La consciencia es como un imán. Los pensamientos son como un metal. Igual que imán atrae el metal hacia sí mismo, la consciencia también atrae a los pensamientos. Por ello, la meditación es mantener la consciencia atentamente impensante, o impensantemente atenta. 

Es necesario distinguir entre tranquilidad sensual y ecuanimidad espiritual. La tranquilidad sensual es impura, mientras que la tranquilidad espiritual es beatitud incondicionada. 

Una persona que duerma diez horas sólo se da cuenta del tiempo cronológico cuando se despierta. En el sueño profundo no es consciente del tiempo. No sabe si ha dormido durante una o diez horas. Su cuerpo y su consciencia (citta) se hallan en un estado carente de propósito o impensante. En el momento en que se despierta, citta se llena de pensamientos. La meditación es un estado en que se simula conscientemente esa cualidad de ausencia de pensamientos, que requiere de una tremenda acción ensimismada sin ninguna tensión ni agitación emocional. 

La meditación no es un estado negativo, sino un estado de vida positivo y puro.
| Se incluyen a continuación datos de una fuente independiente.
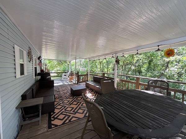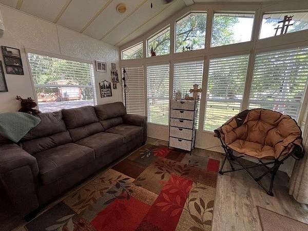 Located in the gated community of Woodsmoke Ranch in Seneca, IL, this 1996 Elkhart Park Model on Lot 577 offers comfort, functionality, and plenty of updates. Inside you'll find a primary bedroom with closet and built-ins, a second bedroom featuring a 2-bed bunk setup with built-in storage and wall sconces, plus a loft that provides even more sleeping space. The home boasts high ceilings with large windows for natural light, a spacious kitchen, and a roomy living room with a nearly new sleeper sofa. Recent upgrades include new bedroom carpet, upgraded kitchen lighting, new vinyl flooring, a new living room ceiling fan/light, a mini-split heating and A/C system, rebuilt deck frame, leveled shed, leveled Park Model with new shoring, and front gutter guards. Almost all furniture and kitchenware are included, making this a turnkey retreat. Outdoor living is just as inviting with a large fully covered deck, an additional uncovered lower deck, and a fire pit set in a gravel area. This is a Category 3 lot with yearly dues of $1,947.62, which cover water, electric, garbage, and access to all of Woodsmoke Ranch's amenities. Woodsmoke Ranch amenities: 2 pools, 2 stocked fishing ponds, 3 pavilions, basketball courts, sand volleyball, gaga ball, bags, 2 playgrounds, RC car racetrack, baseball field, laundromat, convenience store, cafe, horse stables (for rent), adult lounge, Mygrain Saloon, events planned year long and so much more. RV campground community, cannot be a primary residence. Gated community; showings by appointment only. No access without an appointment.

De igual manera que no puede expresarse la experiencia de dormir, tampoco puede expresarse la meditación, pero se vive en ella. En el momento en que se expresa, no es meditación, sino una expresión, que puede no ajustarse a las experiencias. En el sueño se está impensante, y en el momento en que uno se despierta se llena de pensamientos. En la meditación se permanece atentamente impensante o impensantemente atento. Si el sueño es un estado negativo, la meditación lo es positivo. Es vivir el momento sin dejarse atrapar en los movimientos de los momentos. En este estado de meditación desaparecen causa y efecto, se experimenta un tiempo atemporal y uno presencia el espacio intemporal. 

El tiempo psicológico tiene un principio y un final, mientras que el tiempo cronológico (kala) carece de principio y de fin. Eso es el espacio intemporal. En la meditación, tanto el estado pensante como el impensante están equilibrados. 

Una persona madura intelectualmente nunca puede permanecer en un estado de inocencia, porque su ego no le permite ser inocente, mientras que en el estado más elevado de la meditación, el ego queda silenciado y la inteligencia se vuelve inocente. Este estado de inocencia en una inteligencia madura es meditación. Aunque hemos nacido siendo seres sencillos , hemos ido creando complicaciones al ir creciendo. El yoga nos ayuda a regresar al estado de simplicidad original. 

Una existencia pura, simple y sagrada
La evolución real es la de la percepción consciente interior, que se expande y penetra en las profundidades internas y externas. Aunque es fácil sentir la pureza y la divinidad interiores, resulta difícil mantener esta percepción de manera constante. Hay que cuestionarse uno mismo y analizar por qué esta pureza divina se desvanece con tanta asiduidad y queda interrumpida sin darnos cuenta. En nuestra sadhana no hemos de perder ni pureza ni simplicidad. Hay que recargar la memoria filtrada para que vuelva a madurar, y así nos guíe por el camino correcto de la práctica yóguica y nos salve de caer de la vida purificada. El yogagni (fuego del yoga) debe arder a través de las prácticas yóguicas propias, con esa memoria madurada, hasta que se alcance el objetivo. La memoria sólo se abandona cuando se alcanza el objetivo. El objetivo es el alma. En ese estado no queda nada excepto el puro ser  que es sat. Sat es existencia pura y sagrada, libre de toda esclavitud, libre de todo. Esta libertad definitiva llega a través de una dedicadas y devotas prácticas de disciplina yóguica en la vida cotidiana.